[ENTRIES SUPPLIED]
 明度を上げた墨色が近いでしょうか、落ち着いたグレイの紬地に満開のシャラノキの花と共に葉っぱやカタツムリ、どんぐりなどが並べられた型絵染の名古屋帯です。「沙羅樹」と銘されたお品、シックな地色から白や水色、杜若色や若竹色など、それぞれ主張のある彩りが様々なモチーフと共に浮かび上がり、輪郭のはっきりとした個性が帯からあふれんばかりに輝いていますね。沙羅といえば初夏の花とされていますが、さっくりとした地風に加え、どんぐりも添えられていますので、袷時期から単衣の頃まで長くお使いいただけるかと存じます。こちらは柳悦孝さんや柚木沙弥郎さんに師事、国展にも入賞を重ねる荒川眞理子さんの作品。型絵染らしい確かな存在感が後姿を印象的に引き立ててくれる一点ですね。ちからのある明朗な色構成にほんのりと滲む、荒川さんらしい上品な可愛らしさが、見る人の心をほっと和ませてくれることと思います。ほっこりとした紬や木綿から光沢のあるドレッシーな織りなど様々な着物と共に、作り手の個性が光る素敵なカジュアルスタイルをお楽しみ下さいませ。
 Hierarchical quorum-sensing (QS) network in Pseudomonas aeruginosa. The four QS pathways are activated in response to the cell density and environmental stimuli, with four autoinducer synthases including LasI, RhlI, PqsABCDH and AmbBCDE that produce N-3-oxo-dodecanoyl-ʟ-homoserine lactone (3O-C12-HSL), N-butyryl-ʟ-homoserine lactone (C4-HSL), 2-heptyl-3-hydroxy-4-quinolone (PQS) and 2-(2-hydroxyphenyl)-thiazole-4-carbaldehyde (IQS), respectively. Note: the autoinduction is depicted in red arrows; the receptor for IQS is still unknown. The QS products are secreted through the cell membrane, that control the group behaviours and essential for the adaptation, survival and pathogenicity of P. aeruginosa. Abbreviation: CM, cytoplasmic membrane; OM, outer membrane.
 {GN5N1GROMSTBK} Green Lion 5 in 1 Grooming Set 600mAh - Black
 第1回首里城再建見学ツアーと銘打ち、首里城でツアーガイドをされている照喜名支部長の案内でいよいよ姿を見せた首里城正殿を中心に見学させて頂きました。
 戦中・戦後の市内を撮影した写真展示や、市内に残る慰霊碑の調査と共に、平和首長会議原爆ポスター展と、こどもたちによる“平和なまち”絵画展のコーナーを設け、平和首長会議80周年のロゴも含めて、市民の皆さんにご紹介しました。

==

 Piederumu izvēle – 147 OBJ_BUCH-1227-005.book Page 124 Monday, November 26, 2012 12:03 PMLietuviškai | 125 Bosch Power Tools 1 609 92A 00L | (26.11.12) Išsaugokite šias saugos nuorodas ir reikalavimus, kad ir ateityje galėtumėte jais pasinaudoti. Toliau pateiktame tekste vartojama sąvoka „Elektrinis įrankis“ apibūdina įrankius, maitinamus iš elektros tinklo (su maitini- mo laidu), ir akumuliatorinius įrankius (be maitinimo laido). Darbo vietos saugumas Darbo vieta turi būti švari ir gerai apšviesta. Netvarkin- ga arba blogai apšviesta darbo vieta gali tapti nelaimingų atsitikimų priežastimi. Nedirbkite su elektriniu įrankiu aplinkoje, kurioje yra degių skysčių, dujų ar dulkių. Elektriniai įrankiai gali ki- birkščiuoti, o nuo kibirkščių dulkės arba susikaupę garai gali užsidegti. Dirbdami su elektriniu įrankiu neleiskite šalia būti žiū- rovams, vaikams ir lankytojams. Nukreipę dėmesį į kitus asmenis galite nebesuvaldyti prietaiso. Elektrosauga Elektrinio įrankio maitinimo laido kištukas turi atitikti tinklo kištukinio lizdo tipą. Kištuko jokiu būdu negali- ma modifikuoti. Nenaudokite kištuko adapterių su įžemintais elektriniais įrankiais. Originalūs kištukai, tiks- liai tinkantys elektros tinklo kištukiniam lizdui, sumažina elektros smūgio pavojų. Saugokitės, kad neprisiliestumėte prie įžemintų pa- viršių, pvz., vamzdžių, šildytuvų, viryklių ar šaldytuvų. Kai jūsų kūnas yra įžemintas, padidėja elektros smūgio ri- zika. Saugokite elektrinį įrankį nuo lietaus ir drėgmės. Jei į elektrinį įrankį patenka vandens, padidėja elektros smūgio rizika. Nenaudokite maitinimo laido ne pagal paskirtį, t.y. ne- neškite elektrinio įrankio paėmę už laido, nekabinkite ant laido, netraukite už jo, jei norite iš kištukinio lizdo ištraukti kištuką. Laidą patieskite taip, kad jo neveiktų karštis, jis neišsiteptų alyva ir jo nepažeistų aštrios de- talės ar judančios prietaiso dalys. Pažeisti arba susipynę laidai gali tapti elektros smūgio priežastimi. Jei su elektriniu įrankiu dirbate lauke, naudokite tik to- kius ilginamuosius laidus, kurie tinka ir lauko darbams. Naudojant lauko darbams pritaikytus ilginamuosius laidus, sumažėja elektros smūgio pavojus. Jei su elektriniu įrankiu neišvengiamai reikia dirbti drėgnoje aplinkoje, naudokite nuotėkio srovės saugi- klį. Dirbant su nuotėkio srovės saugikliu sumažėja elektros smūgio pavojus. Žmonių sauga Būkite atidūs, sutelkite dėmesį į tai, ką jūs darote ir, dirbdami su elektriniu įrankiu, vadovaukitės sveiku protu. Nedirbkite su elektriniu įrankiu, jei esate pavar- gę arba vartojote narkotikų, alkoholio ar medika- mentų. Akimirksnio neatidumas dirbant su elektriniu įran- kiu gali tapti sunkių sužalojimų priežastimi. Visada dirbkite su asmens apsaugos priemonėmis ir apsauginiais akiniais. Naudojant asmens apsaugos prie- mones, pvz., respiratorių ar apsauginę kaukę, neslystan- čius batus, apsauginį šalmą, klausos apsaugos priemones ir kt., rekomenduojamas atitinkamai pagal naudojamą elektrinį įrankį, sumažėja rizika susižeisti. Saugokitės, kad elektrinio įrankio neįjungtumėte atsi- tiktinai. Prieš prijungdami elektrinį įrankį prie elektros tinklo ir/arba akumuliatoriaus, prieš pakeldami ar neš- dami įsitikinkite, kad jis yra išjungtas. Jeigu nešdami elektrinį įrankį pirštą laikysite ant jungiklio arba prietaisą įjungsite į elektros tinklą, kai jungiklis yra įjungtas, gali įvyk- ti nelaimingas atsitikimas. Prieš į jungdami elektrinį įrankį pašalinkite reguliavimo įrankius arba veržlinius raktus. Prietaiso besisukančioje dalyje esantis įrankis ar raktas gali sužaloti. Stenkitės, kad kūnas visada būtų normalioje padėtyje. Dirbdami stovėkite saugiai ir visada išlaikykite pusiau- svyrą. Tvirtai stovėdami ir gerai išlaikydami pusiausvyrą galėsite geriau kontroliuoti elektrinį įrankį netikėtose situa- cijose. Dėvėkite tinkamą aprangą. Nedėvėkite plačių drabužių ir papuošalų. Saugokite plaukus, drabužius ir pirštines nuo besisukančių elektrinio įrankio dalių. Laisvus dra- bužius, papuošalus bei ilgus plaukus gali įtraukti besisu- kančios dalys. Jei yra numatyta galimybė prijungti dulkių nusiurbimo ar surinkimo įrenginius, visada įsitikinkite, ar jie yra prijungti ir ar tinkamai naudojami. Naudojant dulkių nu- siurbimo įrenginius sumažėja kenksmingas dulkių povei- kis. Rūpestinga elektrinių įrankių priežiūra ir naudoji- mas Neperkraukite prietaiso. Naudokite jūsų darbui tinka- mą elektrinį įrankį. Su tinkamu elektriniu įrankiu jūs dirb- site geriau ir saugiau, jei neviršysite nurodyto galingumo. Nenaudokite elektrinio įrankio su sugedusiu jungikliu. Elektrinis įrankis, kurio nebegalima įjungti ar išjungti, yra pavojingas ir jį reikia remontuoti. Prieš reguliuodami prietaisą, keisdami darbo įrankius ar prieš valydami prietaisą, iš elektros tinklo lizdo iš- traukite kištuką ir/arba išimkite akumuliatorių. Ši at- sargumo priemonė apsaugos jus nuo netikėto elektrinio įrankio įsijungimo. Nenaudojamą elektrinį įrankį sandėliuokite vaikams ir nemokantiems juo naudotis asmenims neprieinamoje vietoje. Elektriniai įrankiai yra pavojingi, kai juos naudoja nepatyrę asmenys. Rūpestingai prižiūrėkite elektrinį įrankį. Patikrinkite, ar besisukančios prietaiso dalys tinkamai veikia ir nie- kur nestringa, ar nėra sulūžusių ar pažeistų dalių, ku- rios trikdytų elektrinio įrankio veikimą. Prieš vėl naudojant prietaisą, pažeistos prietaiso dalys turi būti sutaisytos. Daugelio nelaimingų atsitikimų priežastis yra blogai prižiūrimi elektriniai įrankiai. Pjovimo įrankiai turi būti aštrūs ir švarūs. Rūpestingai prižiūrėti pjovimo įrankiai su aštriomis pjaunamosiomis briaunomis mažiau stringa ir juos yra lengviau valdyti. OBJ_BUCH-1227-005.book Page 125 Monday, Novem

==

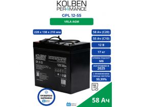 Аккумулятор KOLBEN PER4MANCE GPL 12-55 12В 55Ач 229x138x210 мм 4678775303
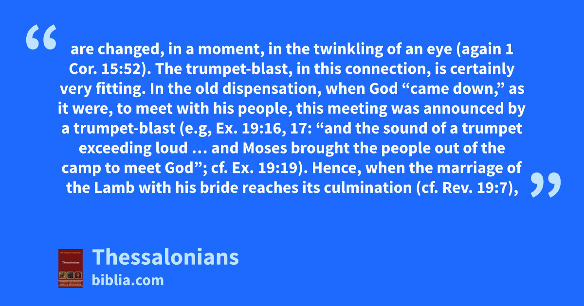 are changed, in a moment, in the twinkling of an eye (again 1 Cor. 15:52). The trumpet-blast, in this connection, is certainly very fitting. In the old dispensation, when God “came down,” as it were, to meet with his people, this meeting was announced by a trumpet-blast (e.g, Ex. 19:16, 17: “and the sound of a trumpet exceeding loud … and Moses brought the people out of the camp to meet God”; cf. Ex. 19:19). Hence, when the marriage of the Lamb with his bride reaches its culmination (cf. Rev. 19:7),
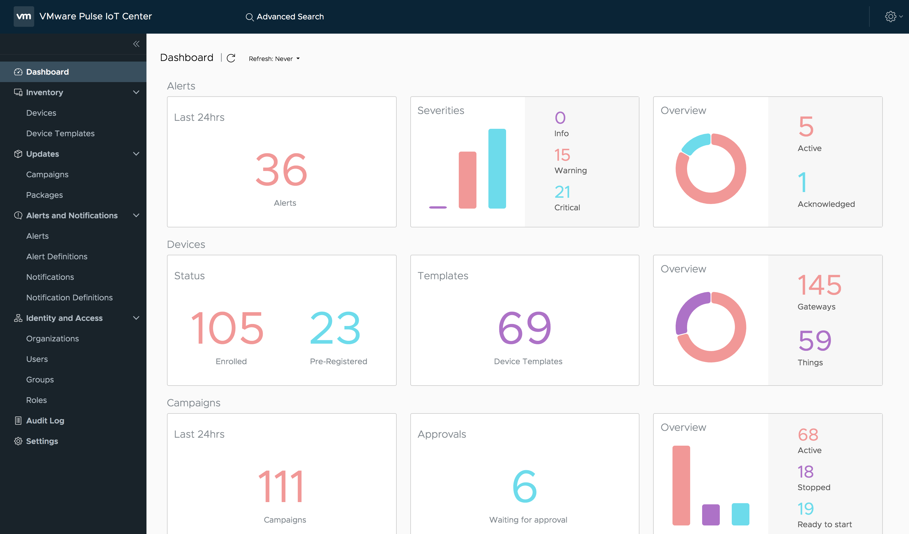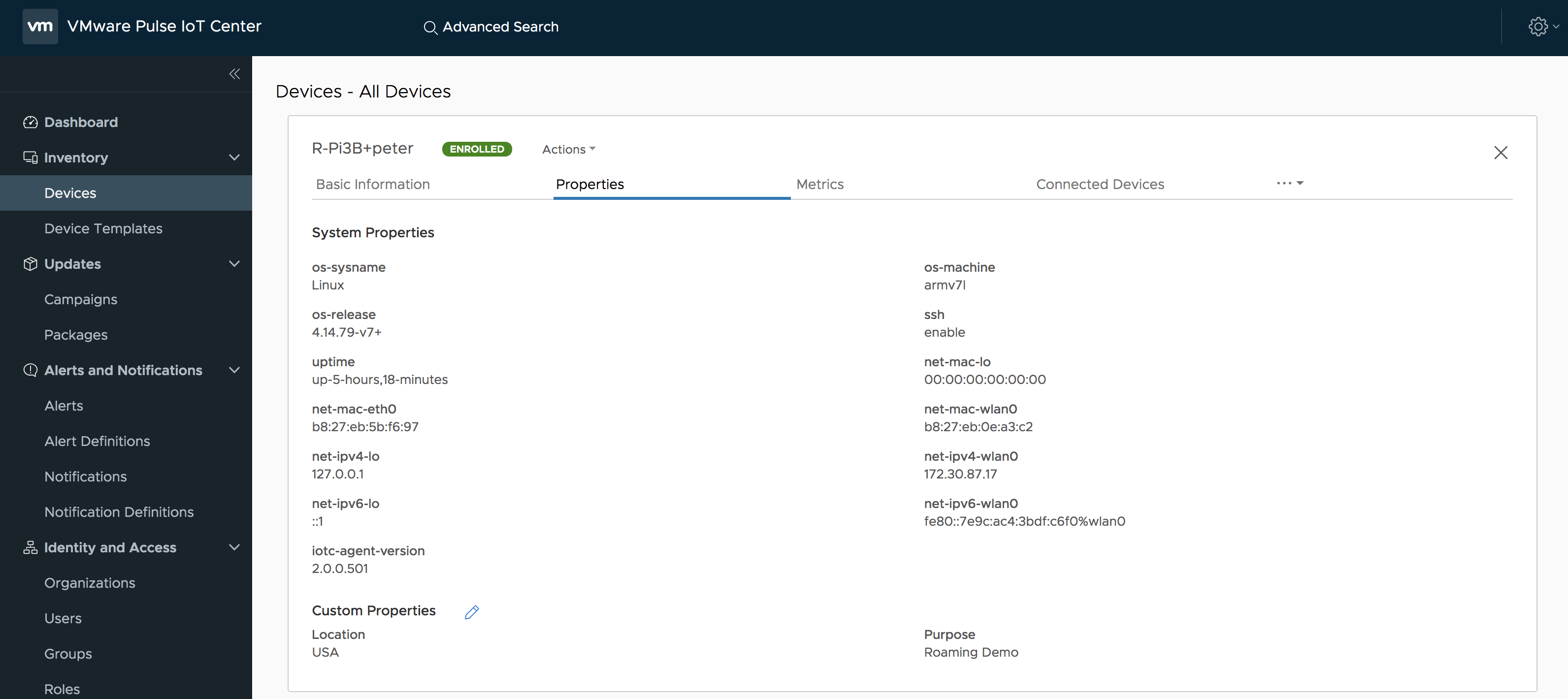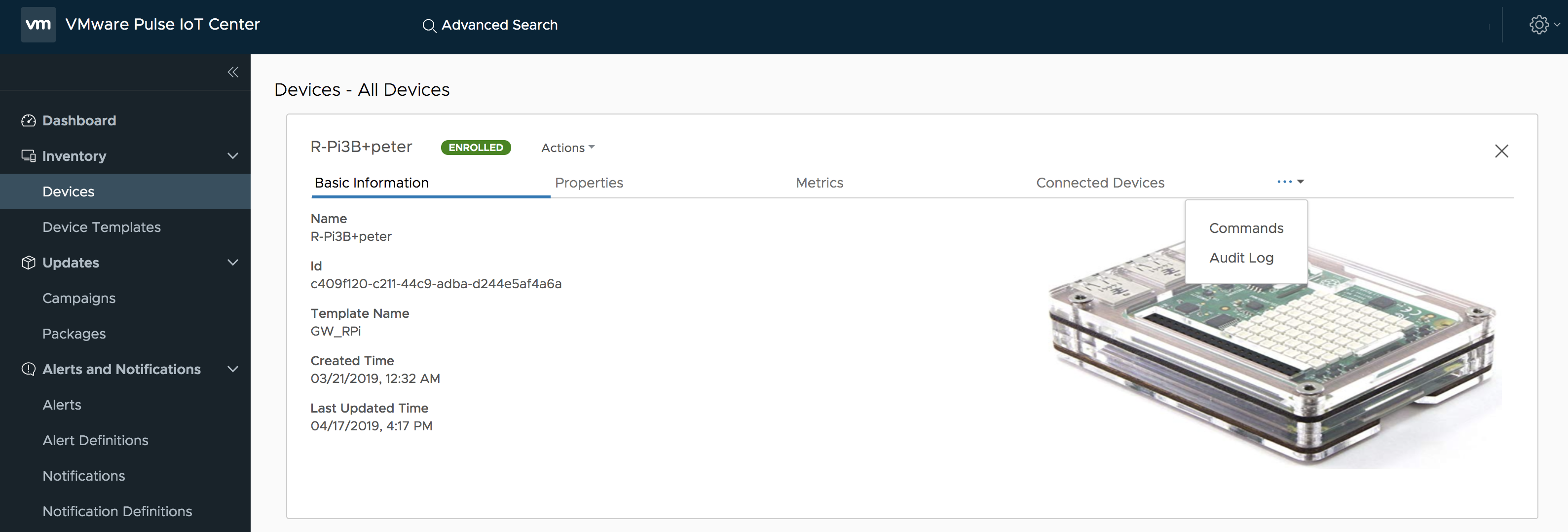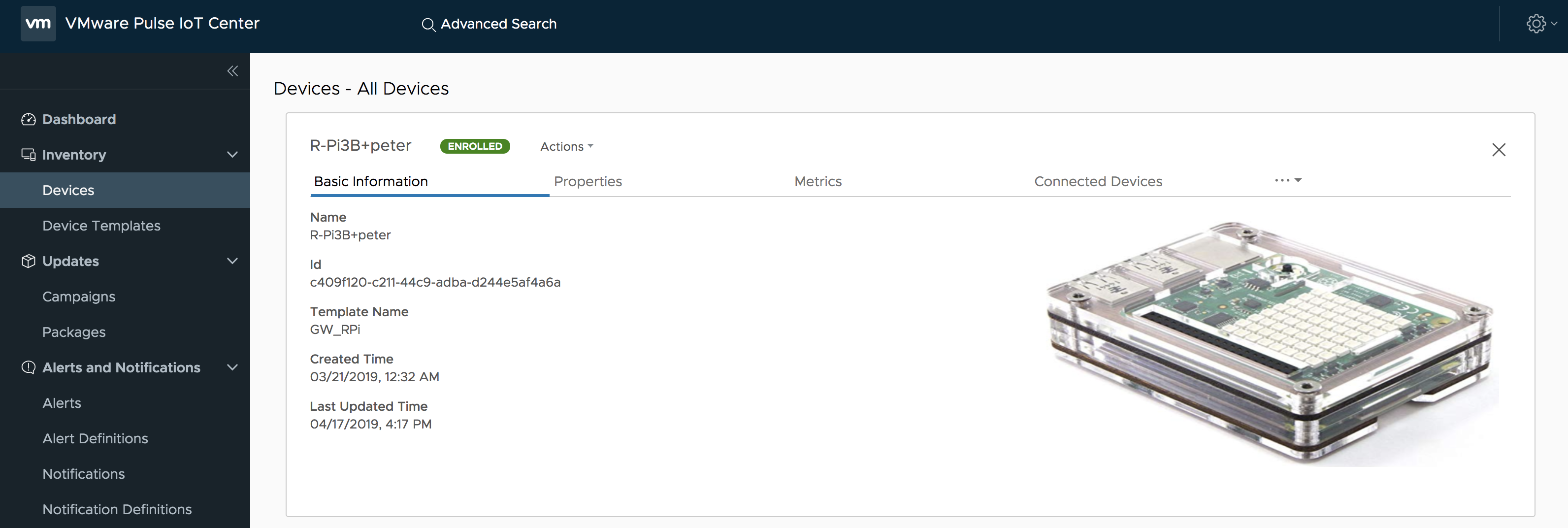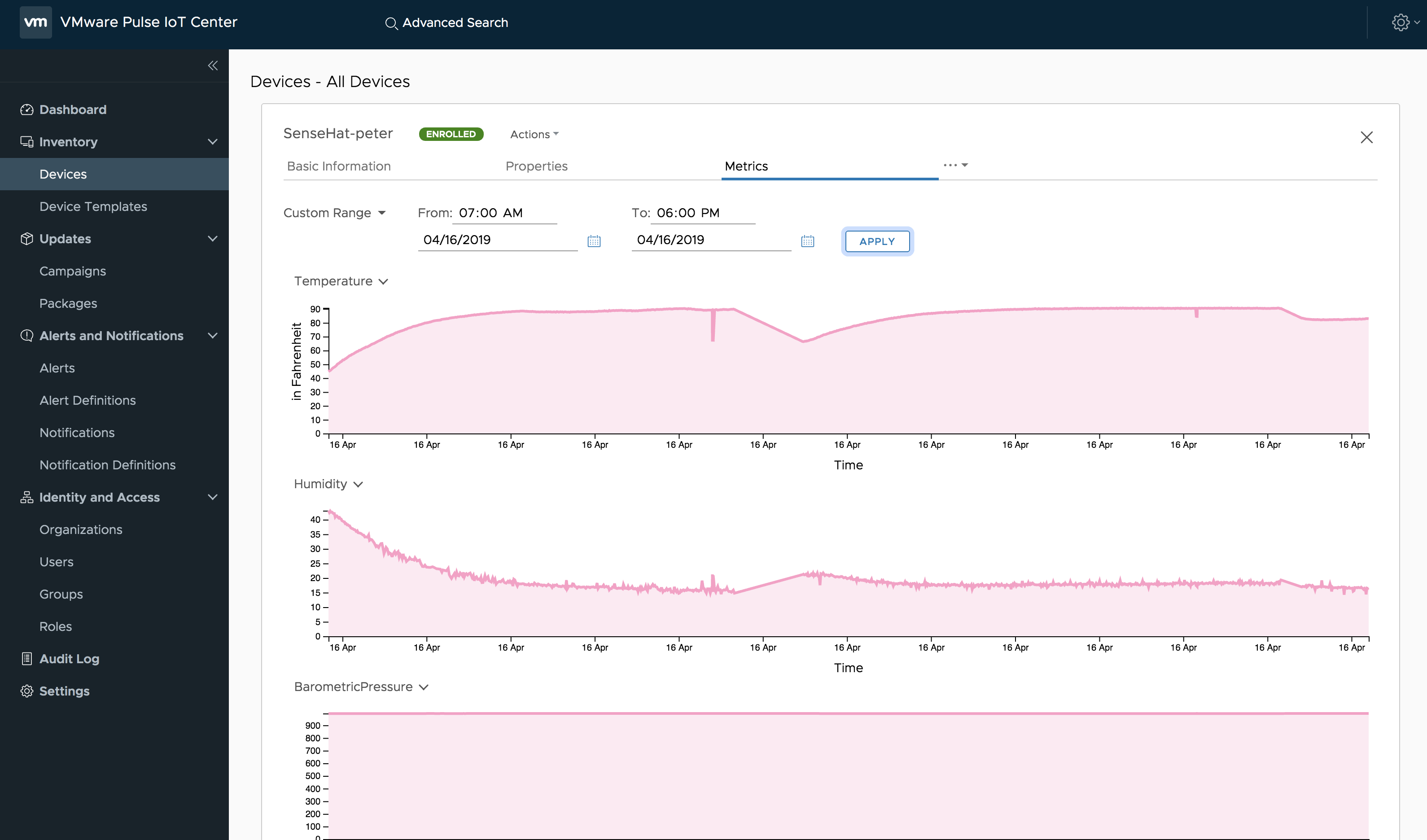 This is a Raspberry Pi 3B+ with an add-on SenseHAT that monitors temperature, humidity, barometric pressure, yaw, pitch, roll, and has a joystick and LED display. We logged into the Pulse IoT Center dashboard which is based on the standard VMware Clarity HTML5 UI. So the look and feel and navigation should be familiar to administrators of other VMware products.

[PROBLEM TO WORK ON] Your answer should consist of the lines above between those holding "Аккумулятор KOLBEN PER4MANCE" and "This is a Raspberry", inclusive, reproduced word for word and without pictures.

[RESPONSE FOR THIS EXERCISE]
 Аккумулятор KOLBEN PER4MANCE GPL 12-55 12В 55Ач 229x138x210 мм 4678775303
 are changed, in a moment, in the twinkling of an eye (again 1 Cor. 15:52). The trumpet-blast, in this connection, is certainly very fitting. In the old dispensation, when God “came down,” as it were, to meet with his people, this meeting was announced by a trumpet-blast (e.g, Ex. 19:16, 17: “and the sound of a trumpet exceeding loud … and Moses brought the people out of the camp to meet God”; cf. Ex. 19:19). Hence, when the marriage of the Lamb with his bride reaches its culmination (cf. Rev. 19:7),
 This is a Raspberry Pi 3B+ with an add-on SenseHAT that monitors temperature, humidity, barometric pressure, yaw, pitch, roll, and has a joystick and LED display. We logged into the Pulse IoT Center dashboard which is based on the standard VMware Clarity HTML5 UI. So the look and feel and navigation should be familiar to administrators of other VMware products.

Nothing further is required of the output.